The proposal I would like to discuss is obvious - I drop all those tables and report model gets new field called “body” which is a JSON (Rails) type. For databases which do support JSON datatype Rails uses that (PostgreSQL, MySQL), for others it’s just TEXT. Rails automatically serializes JSON when reading and writing to the field. In other words: instead storing report lines into three join tables, I store it into a long VARCHAR instead. No rocket science, text gets compressed on PostgreSQL so deduplication is not necessary.
Postgres also supports JSONB format which allows to create indices on JSON fields, however the big disadvantage is that the format is not compressed by default so it is probably not worth it.
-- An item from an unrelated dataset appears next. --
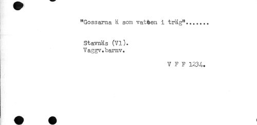 //// "Gossarna ä som vatten i träg"....... //// BrJ<)'<ty <,< i. //// Stavnäs (Vi). //// Vaggv.barnv. //// V F F 1234. ////

Also I don’t see ability to search across report lines as useful thing and tablescan can always be implemented.
Everything looks great, except few cons I want to discuss here before I start finishing off the patch and doing some changes in some plugins:
- The change is disturbing for plugins - many of them uses report models directly (there is no API defined). It will require changes, at least in OpenSCAP and Ansible (there are probably more). It can’t be done in a compatible way, however changes should be pretty small (except OpenSCAP that one is reporting monster).
- Foreman provided search capability in report contents (messages, resources). However I did a research this year on Discourse and there were no voices against dropping this. Many actually confirmed that they’ve never used this search. Note searching by hosts, report date/time and other basic fields will still be possible and we can add other fields when requested (possibly OpenSCAP).
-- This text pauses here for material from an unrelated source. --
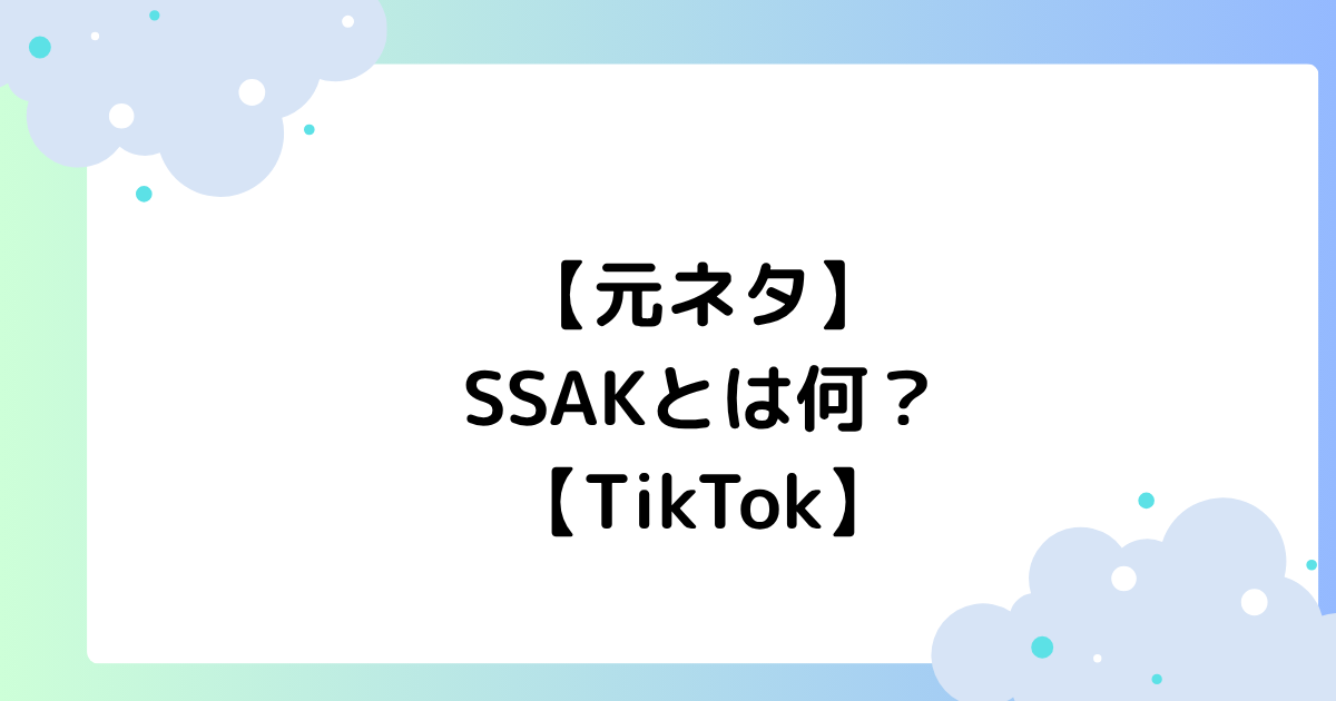TikTokで話題になっている「SSAK」というワードをご存じでしょうか。 ダンスと一緒に広まっているこのトレンドは、真似したくなる魅力があります。 この記事では、「SSAK」の元ネタとは何か、そしてダンスの振り付けについてわかりやすく解説していきます... -

It’s also a chance to define an API for plugins, since reports are JSON now, plugins can either manipulate the JSON directly adding their own fields or use provided API for that. Also we could define columns per plugin, so base report would only have one column (line) while puppet would have two (line, resource) and openscap probably four as it has today. This would lead to better user experience, currently all reports show two columns as it was a puppet report.
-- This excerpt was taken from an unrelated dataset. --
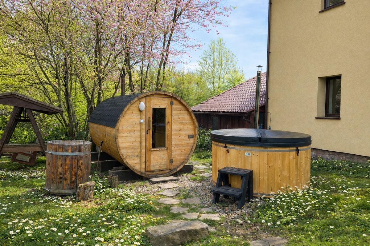 Come and relax from the hectic life in our cottage in the heart of Podkrkonoší. All comforts from hot water to air conditioning are a matter of course. The glass terrace allows you to enjoy the surrounding beauty of nature from the comfort of the interior. Here you can enjoy a morning coffee or a romantic dinner. There is a fully equipped kitchen and an outdoor grill. And wellness? Forget all your worries in our outdoor year-round hot tub under the open sky!

Raw results from my test scripts (will come with the patch). Without the patch:
Calculating -------------------------------------
import report 50/50 0.140 (± 0.0%) i/s - 191.000 in 1812.264915s
table_name | total | index | toast | table
-----------------------------------------+------------+------------+------------+------------
logs | 18 MB | 16 MB | 8192 bytes | 1984 kB
messages | 4688 kB | 2152 kB | 8192 bytes | 2528 kB
sources | 4688 kB | 2152 kB | 8192 bytes | 2528 kB
reports | 400 kB | 304 kB | 8192 bytes | 88 kB
With the patch:
Calculating -------------------------------------
import report 50/50 3.468 (±57.7%) i/s - 5.477k in 1800.238053s
table_name | total | index | toast | table
-----------------------------------------+------------+------------+------------+---------
reports | 13 MB | 1432 kB | 8192 bytes | 12 MB
Edit: All tests were done in a single process (single thread), it generated all the JSON and also sent the requests. Obviously, real-world scenario would saturate the database much more (we default to 6 worker Ruby processes by default and big deployments have dozens of them) giving even more dramatic increase of performance.